__Problem statement__
With the records below as input, work out how many lines include the word "designed". Give only the number.

__Data listing__

○ ○ ○ ○ ○ ○ ○

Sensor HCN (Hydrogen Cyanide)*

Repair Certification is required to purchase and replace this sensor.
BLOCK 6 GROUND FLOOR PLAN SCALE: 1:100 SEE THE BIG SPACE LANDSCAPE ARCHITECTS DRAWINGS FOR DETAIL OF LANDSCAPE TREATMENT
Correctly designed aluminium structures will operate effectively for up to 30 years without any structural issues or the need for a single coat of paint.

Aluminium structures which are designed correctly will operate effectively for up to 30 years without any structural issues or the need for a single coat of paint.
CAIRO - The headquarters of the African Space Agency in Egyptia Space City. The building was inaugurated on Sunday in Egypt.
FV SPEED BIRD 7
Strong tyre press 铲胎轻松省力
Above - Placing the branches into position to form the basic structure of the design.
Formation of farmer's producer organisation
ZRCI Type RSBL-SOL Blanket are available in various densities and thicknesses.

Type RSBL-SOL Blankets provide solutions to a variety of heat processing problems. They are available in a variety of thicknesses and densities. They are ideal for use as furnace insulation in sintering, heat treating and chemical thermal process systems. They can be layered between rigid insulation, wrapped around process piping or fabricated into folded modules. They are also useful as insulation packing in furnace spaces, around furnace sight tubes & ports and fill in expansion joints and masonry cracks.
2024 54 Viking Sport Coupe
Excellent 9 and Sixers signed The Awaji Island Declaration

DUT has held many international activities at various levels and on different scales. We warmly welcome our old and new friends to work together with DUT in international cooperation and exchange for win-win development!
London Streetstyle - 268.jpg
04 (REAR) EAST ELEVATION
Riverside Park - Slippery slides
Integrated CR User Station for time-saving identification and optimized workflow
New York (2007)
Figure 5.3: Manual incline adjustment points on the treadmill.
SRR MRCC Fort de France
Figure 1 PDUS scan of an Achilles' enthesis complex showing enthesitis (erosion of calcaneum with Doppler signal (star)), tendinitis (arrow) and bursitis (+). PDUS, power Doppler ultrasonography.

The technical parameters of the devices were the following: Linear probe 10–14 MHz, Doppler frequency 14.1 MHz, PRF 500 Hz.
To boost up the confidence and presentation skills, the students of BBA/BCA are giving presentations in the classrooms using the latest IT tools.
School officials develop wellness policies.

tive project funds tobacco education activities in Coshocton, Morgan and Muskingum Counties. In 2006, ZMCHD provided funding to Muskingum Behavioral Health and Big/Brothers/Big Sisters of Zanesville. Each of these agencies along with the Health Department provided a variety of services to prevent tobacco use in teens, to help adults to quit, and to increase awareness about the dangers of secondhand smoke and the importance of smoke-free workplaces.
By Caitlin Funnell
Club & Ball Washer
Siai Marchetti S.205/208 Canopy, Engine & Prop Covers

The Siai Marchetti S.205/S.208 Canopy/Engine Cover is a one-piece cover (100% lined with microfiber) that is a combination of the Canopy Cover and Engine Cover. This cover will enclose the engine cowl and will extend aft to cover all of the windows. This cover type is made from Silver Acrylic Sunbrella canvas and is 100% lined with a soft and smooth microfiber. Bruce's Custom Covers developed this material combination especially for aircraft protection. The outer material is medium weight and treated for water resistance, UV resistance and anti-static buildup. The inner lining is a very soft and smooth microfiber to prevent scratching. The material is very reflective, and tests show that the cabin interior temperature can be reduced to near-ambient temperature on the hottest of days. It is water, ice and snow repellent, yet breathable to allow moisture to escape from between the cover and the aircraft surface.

○ ○ ○ ○ ○ ○ ○

__Completed exercise__
2